[Exercise material — start]

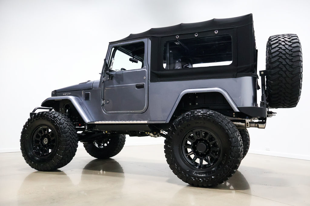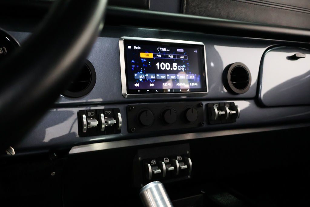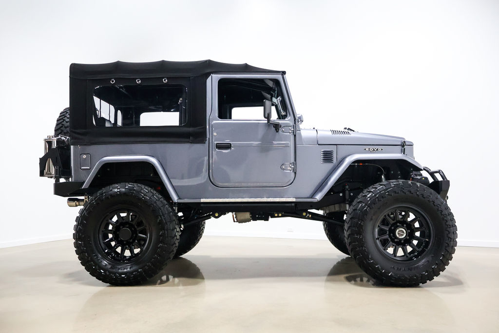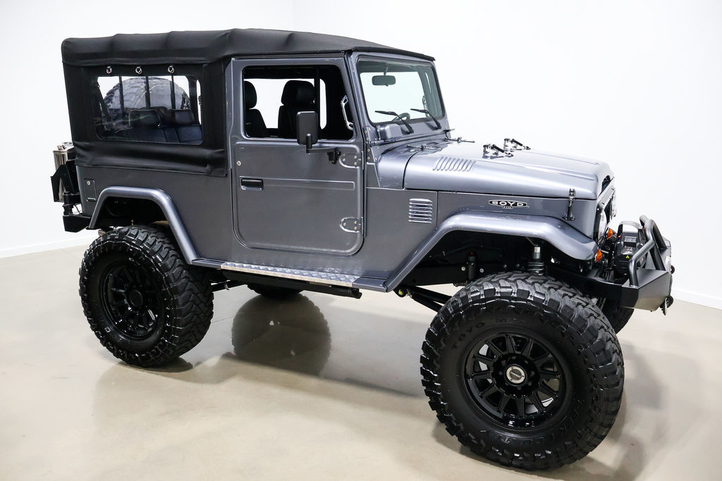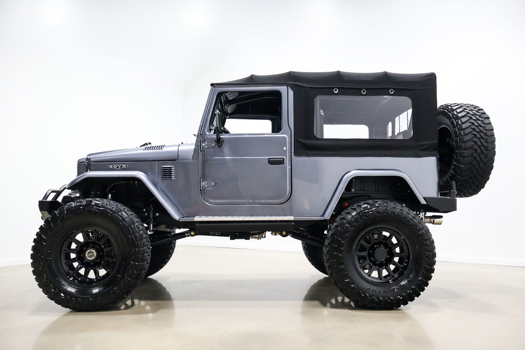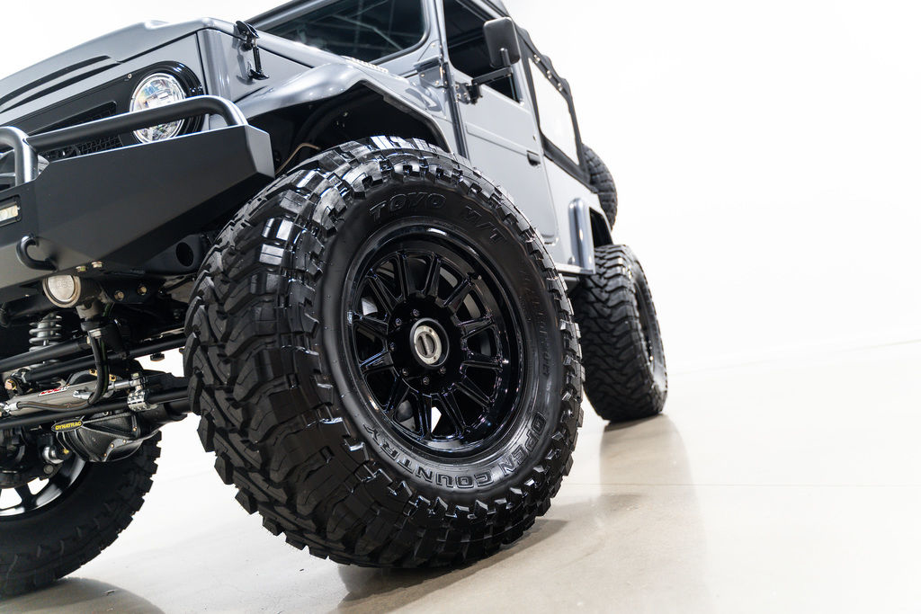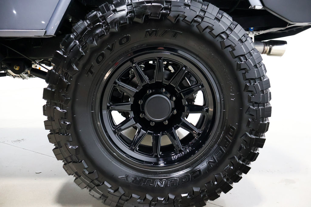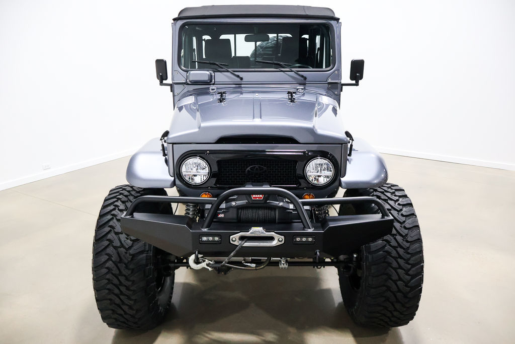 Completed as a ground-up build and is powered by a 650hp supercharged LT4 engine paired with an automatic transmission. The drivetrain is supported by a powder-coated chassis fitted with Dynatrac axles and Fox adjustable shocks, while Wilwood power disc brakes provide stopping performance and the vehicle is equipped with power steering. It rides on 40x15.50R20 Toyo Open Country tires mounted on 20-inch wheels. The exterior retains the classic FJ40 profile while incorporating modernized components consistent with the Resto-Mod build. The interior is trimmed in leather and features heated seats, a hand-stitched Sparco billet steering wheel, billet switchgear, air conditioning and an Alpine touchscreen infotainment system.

[Exercise material — finish]
[Exercise material — start]

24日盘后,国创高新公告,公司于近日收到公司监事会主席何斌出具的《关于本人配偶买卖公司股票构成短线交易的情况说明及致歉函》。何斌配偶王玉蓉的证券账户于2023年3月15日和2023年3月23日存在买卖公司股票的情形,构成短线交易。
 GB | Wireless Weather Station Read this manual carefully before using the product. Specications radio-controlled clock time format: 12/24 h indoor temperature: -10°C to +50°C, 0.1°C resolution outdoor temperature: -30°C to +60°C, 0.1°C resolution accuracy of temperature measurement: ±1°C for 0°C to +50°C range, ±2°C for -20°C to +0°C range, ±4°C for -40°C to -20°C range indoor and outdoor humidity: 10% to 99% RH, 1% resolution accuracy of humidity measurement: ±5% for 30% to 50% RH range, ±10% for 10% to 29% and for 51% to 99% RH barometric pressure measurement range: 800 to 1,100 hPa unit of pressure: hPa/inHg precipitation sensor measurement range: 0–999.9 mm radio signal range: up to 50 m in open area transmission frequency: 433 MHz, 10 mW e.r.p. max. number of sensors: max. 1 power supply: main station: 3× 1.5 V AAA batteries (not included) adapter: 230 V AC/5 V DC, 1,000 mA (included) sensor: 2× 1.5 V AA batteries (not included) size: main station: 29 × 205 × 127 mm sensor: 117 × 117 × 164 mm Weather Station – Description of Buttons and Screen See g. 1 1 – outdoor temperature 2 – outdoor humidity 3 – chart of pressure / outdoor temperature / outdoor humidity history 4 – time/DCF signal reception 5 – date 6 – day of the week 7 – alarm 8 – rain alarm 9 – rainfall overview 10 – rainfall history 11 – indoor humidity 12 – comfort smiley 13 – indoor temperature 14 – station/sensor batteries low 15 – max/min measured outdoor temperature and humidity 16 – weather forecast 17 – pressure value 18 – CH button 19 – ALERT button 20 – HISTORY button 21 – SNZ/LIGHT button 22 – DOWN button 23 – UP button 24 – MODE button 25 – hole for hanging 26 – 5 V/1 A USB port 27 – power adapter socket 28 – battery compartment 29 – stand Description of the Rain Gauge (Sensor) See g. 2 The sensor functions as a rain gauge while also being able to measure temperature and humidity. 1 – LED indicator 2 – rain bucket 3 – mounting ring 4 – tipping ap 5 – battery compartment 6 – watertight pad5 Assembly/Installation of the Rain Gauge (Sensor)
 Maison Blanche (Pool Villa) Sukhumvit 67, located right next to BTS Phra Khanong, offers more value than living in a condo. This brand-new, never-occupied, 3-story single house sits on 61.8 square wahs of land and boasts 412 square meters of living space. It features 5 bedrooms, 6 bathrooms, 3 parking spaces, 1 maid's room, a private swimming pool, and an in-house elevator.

[Exercise material — finish]

Instructions for the task –
With the line holding "24日盘后,国创高新公告,公" as the first and the line holding "GB | Wireless" as the last, set down that range of the entries above exactly, and nothing else.

Problem solution –
24日盘后,国创高新公告,公司于近日收到公司监事会主席何斌出具的《关于本人配偶买卖公司股票构成短线交易的情况说明及致歉函》。何斌配偶王玉蓉的证券账户于2023年3月15日和2023年3月23日存在买卖公司股票的情形,构成短线交易。
 GB | Wireless Weather Station Read this manual carefully before using the product. Specications radio-controlled clock time format: 12/24 h indoor temperature: -10°C to +50°C, 0.1°C resolution outdoor temperature: -30°C to +60°C, 0.1°C resolution accuracy of temperature measurement: ±1°C for 0°C to +50°C range, ±2°C for -20°C to +0°C range, ±4°C for -40°C to -20°C range indoor and outdoor humidity: 10% to 99% RH, 1% resolution accuracy of humidity measurement: ±5% for 30% to 50% RH range, ±10% for 10% to 29% and for 51% to 99% RH barometric pressure measurement range: 800 to 1,100 hPa unit of pressure: hPa/inHg precipitation sensor measurement range: 0–999.9 mm radio signal range: up to 50 m in open area transmission frequency: 433 MHz, 10 mW e.r.p. max. number of sensors: max. 1 power supply: main station: 3× 1.5 V AAA batteries (not included) adapter: 230 V AC/5 V DC, 1,000 mA (included) sensor: 2× 1.5 V AA batteries (not included) size: main station: 29 × 205 × 127 mm sensor: 117 × 117 × 164 mm Weather Station – Description of Buttons and Screen See g. 1 1 – outdoor temperature 2 – outdoor humidity 3 – chart of pressure / outdoor temperature / outdoor humidity history 4 – time/DCF signal reception 5 – date 6 – day of the week 7 – alarm 8 – rain alarm 9 – rainfall overview 10 – rainfall history 11 – indoor humidity 12 – comfort smiley 13 – indoor temperature 14 – station/sensor batteries low 15 – max/min measured outdoor temperature and humidity 16 – weather forecast 17 – pressure value 18 – CH button 19 – ALERT button 20 – HISTORY button 21 – SNZ/LIGHT button 22 – DOWN button 23 – UP button 24 – MODE button 25 – hole for hanging 26 – 5 V/1 A USB port 27 – power adapter socket 28 – battery compartment 29 – stand Description of the Rain Gauge (Sensor) See g. 2 The sensor functions as a rain gauge while also being able to measure temperature and humidity. 1 – LED indicator 2 – rain bucket 3 – mounting ring 4 – tipping ap 5 – battery compartment 6 – watertight pad5 Assembly/Installation of the Rain Gauge (Sensor)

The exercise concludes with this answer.